▸ **Instructions to follow**: Given the records below, the lines starting at the line with "小浜島行きのフェリーにまだ時" and ending at the line with "宣讲会期间,郑进文、曾雅俐分" should be output exactly, both end lines kept and pictures left out.
Source material section start
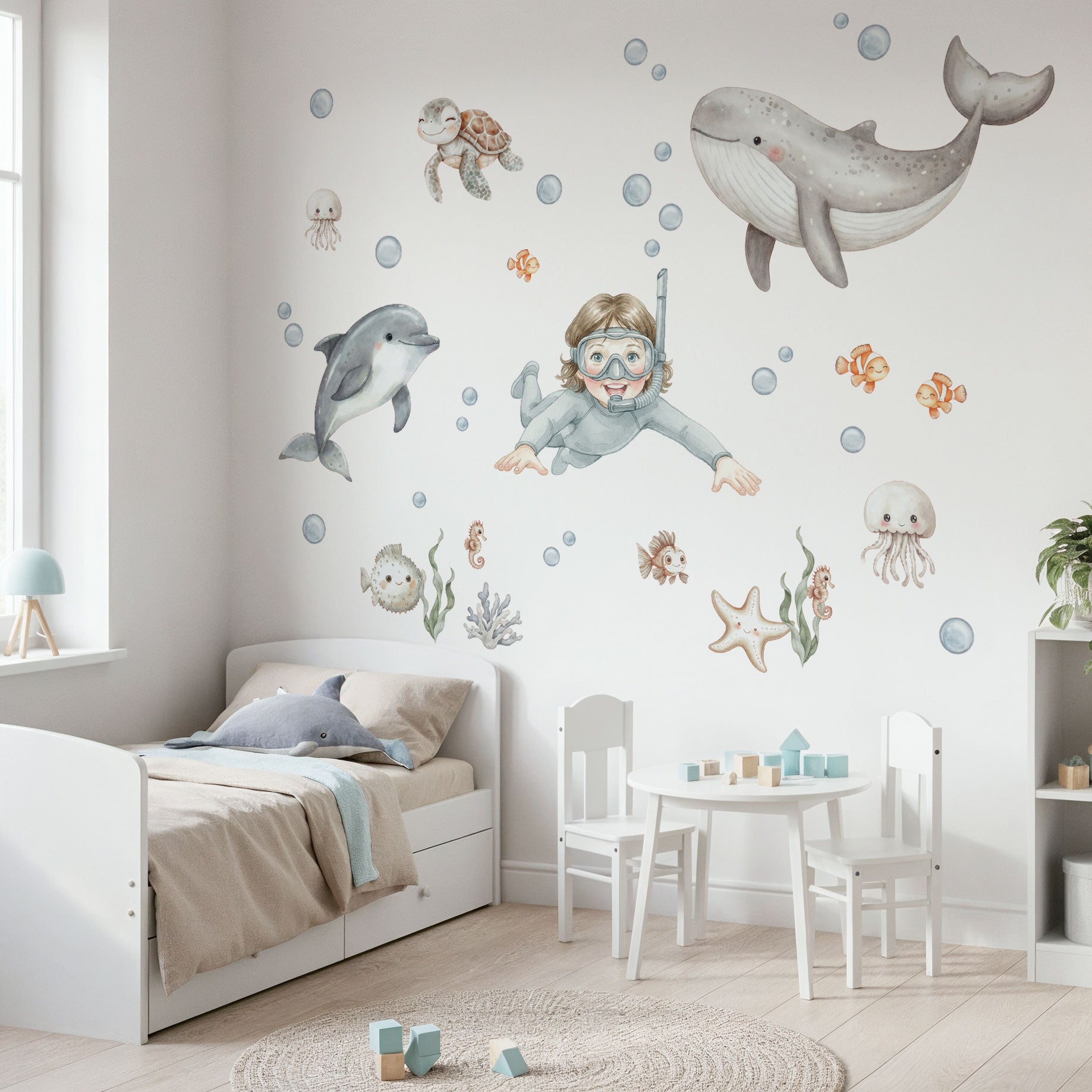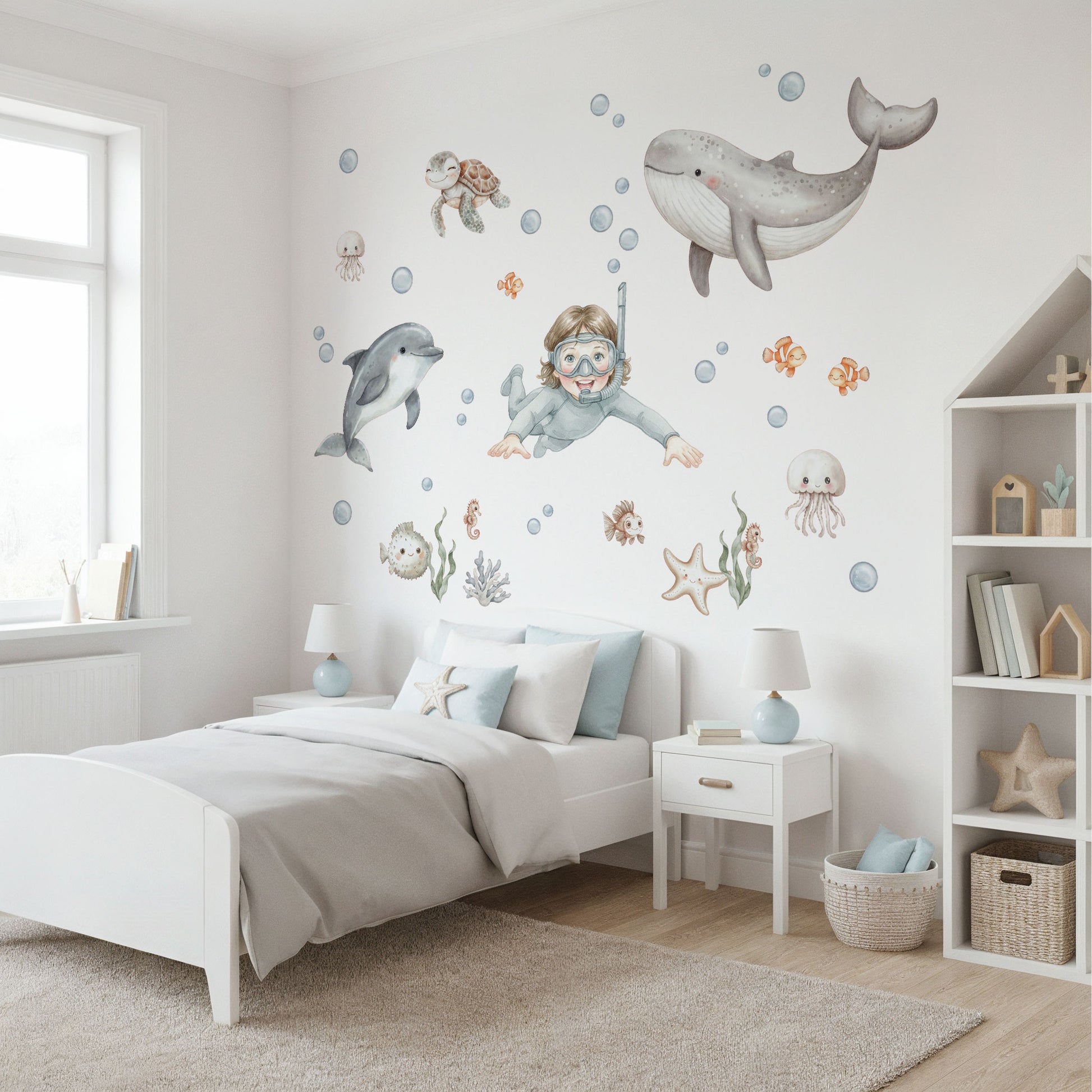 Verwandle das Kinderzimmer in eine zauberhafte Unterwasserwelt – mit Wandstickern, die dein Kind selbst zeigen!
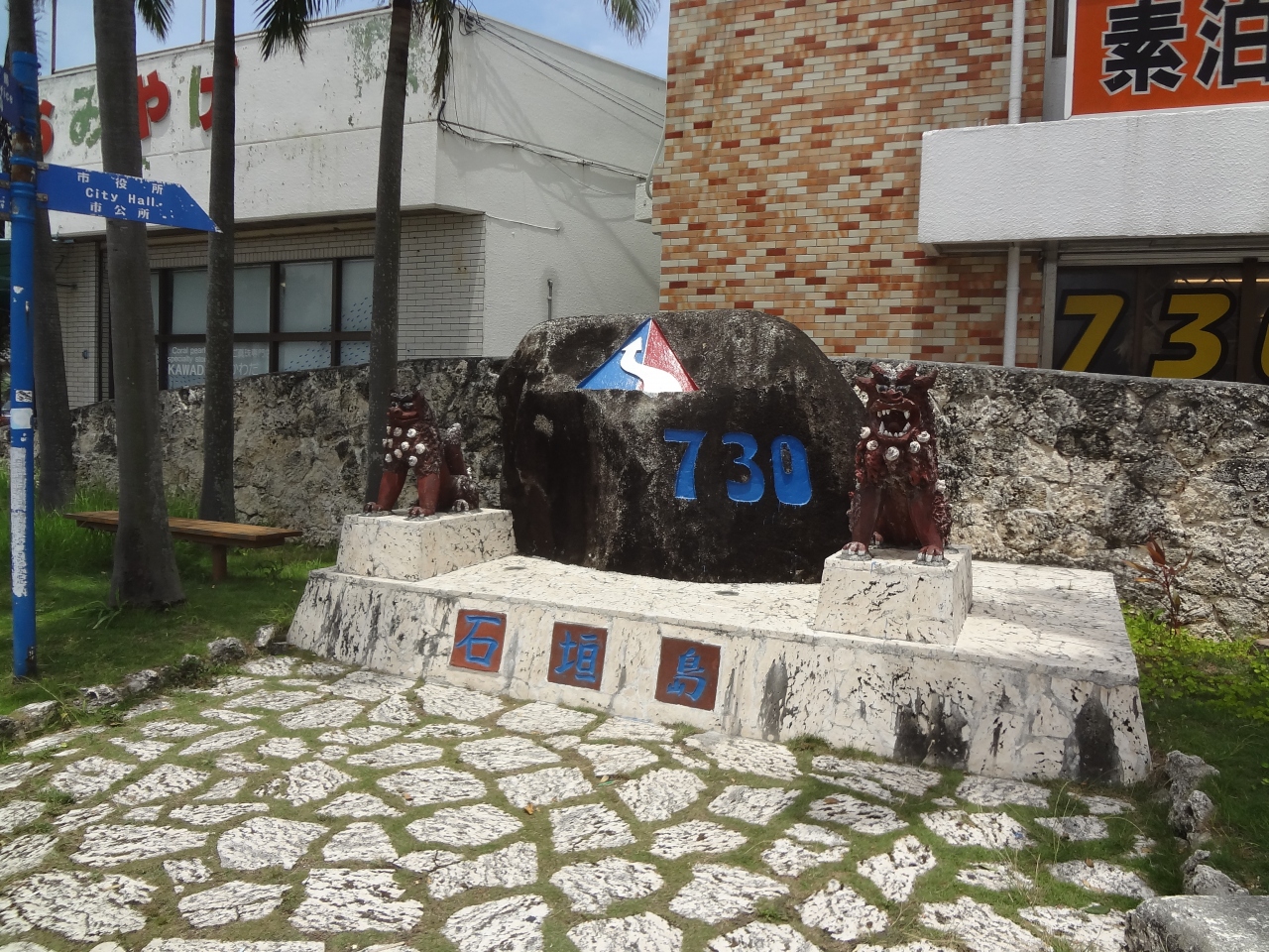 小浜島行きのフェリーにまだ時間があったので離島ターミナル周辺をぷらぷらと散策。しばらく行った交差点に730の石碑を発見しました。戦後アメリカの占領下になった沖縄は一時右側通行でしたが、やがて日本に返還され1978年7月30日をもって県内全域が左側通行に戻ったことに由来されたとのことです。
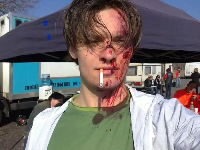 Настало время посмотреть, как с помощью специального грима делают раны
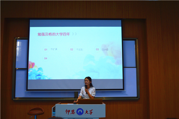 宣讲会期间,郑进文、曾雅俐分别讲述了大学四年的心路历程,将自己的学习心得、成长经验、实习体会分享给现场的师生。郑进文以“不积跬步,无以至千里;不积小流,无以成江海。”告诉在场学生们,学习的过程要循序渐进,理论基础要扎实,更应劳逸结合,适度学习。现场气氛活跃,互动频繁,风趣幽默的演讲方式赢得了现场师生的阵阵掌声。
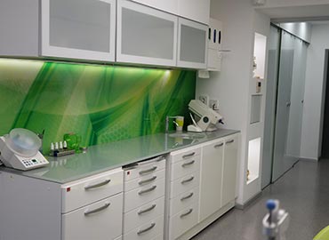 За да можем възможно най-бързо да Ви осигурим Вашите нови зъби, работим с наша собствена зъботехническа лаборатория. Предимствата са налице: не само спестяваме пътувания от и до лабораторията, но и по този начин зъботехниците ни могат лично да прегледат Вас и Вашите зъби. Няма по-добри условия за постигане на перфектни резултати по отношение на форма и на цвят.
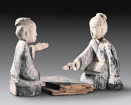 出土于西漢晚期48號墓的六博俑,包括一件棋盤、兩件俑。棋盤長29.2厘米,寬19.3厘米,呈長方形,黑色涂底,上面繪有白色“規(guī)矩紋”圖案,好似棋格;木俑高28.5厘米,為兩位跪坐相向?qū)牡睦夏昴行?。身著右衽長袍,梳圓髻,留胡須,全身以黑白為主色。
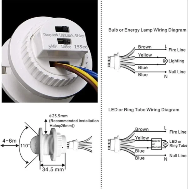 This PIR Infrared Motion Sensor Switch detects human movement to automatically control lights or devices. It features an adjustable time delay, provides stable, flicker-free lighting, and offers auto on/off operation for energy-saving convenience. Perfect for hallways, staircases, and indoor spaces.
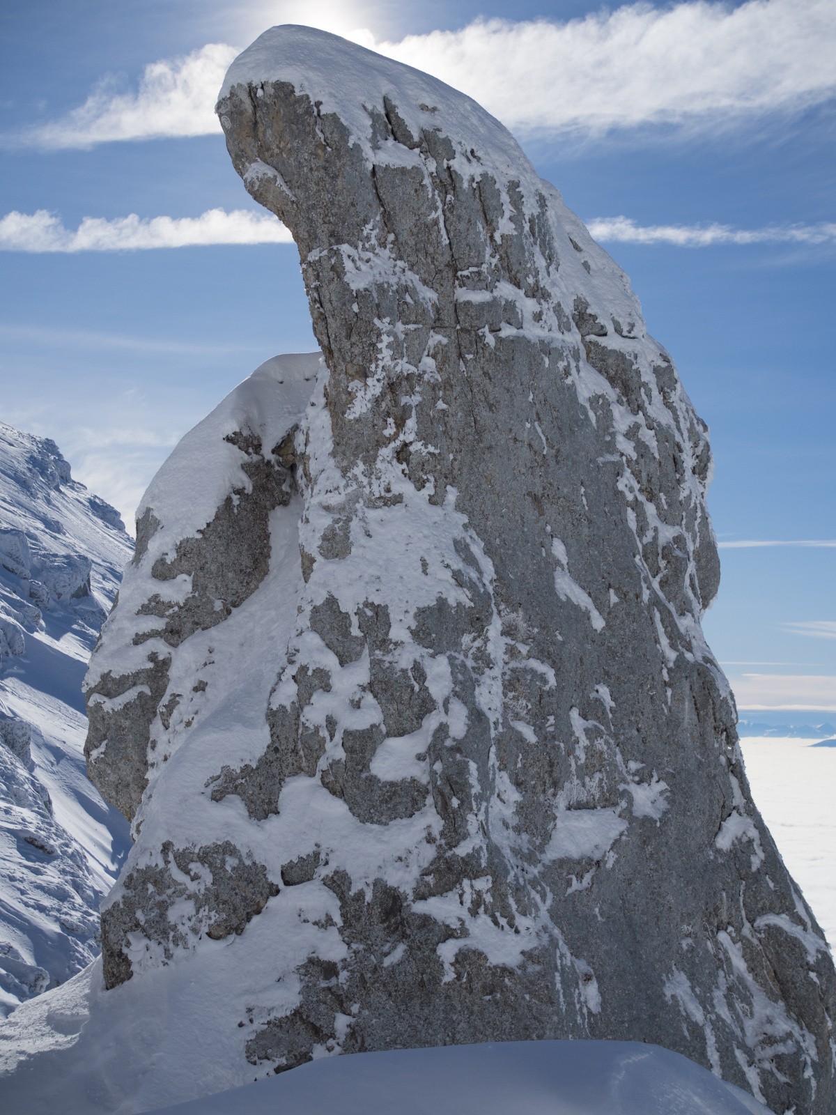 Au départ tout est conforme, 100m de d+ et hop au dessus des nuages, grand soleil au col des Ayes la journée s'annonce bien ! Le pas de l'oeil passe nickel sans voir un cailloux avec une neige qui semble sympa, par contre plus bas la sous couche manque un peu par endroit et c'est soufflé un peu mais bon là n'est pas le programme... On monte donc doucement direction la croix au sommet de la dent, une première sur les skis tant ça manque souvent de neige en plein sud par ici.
Source material section end
▸ **Problem solution**:
 小浜島行きのフェリーにまだ時間があったので離島ターミナル周辺をぷらぷらと散策。しばらく行った交差点に730の石碑を発見しました。戦後アメリカの占領下になった沖縄は一時右側通行でしたが、やがて日本に返還され1978年7月30日をもって県内全域が左側通行に戻ったことに由来されたとのことです。
 Настало время посмотреть, как с помощью специального грима делают раны
 宣讲会期间,郑进文、曾雅俐分别讲述了大学四年的心路历程,将自己的学习心得、成长经验、实习体会分享给现场的师生。郑进文以“不积跬步,无以至千里;不积小流,无以成江海。”告诉在场学生们,学习的过程要循序渐进,理论基础要扎实,更应劳逸结合,适度学习。现场气氛活跃,互动频繁,风趣幽默的演讲方式赢得了现场师生的阵阵掌声。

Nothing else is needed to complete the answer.